Mechanisms of proton conduction and gating in influenza M2 proton channels from solid-state NMR

Abstract

The M2 protein of influenza viruses forms an acid-activated tetrameric proton channel. We used solid-state nuclear magnetic resonance spectroscopy to determine the structure and functional dynamics of the pH-sensing and proton-selective histidine-37 in M2 bound to a cholesterol-containing virus-envelope-mimetic membrane so as to better understand the proton conduction mechanism. In the high-pH closed state, the four histidines form an edge-face π-stacked structure, preventing the formation of a hydrogen-bonded water chain to conduct protons. In the low-pH conducting state, the imidazoliums hydrogen-bond extensively with water and undergo microsecond ring reorientations with an energy barrier greater than 59 kilojoules per mole. This barrier is consistent with the temperature dependence of proton conductivity, suggesting that histidine-37 dynamically shuttles protons into the virion. We propose a proton conduction mechanism in which ring-flip-assisted imidazole deprotonation is the rate-limiting step.

Fig. 1

¹⁵N and ¹³C chemical shifts of His³⁷-labeled M2TM in viral membranes reveal pH-dependent imidazole protonation state and tautomeric structures. (A and B) 2D ¹³C-¹³C correlation spectra, (A) pH 8.5 and (B) pH 4.5. The τ- and π-tautomer peaks are assigned in red and blue, and the charged His³⁷ peaks are in green. (C and D) 2D ¹⁵N-¹³C correlation spectra, (C) pH 8.5 and (D) pH 4.5. (E) Summary of the imidazole chemical shifts.

Fig. 2

His³⁷ rotameric conformation from Cα-Nδ1 distances. (A) pH 8.5 data, with representative rotational-echo double-resonance control (S₀), dephased (S), and difference (∆S) spectra. The 3.9 Å distance indicates χ₂ = 180°. (B) pH 4.5 data, showing a similar distance and χ₂ angle. (C) Top and side views of the His³⁷ tetrad in the tt rotamer in the high-pH structure [Protein Data Bank (PDB) number 2KQT] (22). (D) Top view of the His³⁷ tetrad in the tt rotamer in the low-pH structure (PDB number 3C9J) (13).

Fig. 3

His³⁷ sidechains reorient at low pH but remain static at high pH at physiological temperature. (A) 303 K ¹³C-¹⁵N dipolar couplings.
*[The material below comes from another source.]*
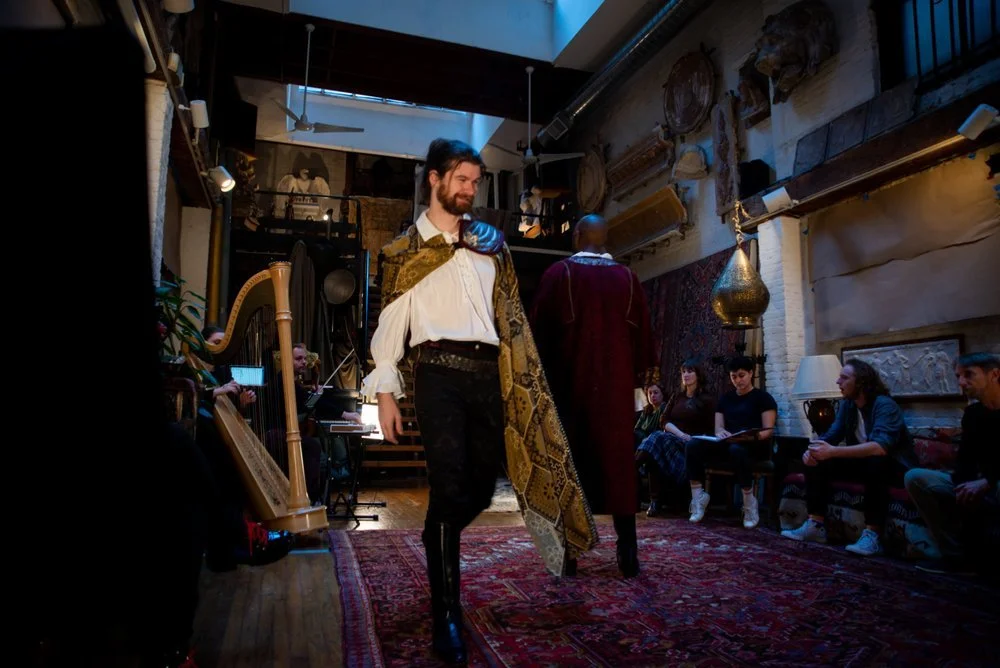We are an ensemble of actors and musicians which creates dynamic, fully realized productions of Shakespeare’s plays. Our unique interplay of acting, live music & sound textures inform every aspect of our performances, from the story, to character development, to the rich imagery and poetry of the text. We perform in theaters, clubs, public spaces and private homes without a fourth wall — our audiences are drawn into the world of the plays in an intimate, powerful and direct shared experience.

At pH 8.5, a 1:1 combination of Cγ-Nδ1 and Cε1-Nδ1 couplings reaches the rigid limit. At pH 4.5, the dominant Cγ-Nδ1 coupling is motionally averaged. (B) Cδ2-Hδ2 coupling at 308 K is motionally averaged at pH 4.5 but in the rigid limit at pH 8.5. (C) Measured order parameters at pH 4.5. (D) Two-site jump of imidazolium at low pH. A 45° reorientation around the Cβ-Cγ bond fits the observed order parameters.

Fig. 4

Charged His³⁷ H-bonds with water and undergoes ring flips to relay protons. (A) N-H dipolar couplings at 243 K. At pH 8.5, Nε2(τ) is not H-bonded, whereas Nδ1(π) is. The unprotonated Nδ1(τ) shows a weak H-bond. At pH 4.5, both nitrogens show weak couplings and bond stretching. (B) C-H dipolar couplings of Cδ2 and Cε1 at 243 K. The Cε1-Hε1 bond is stretched, whereas Cδ2-Hδ2 is not. (C) Imidazole bond lengths and H-bond networks at high and low pH. (D) His³⁷ structure and dynamics and proposed water orientations across the tetrad. Trp41 may interact with His³⁷ at high pH_out. (E) Proposed imidazole structural changes in a cycle in which multiple ring reorientations mediate the transfer of two protons.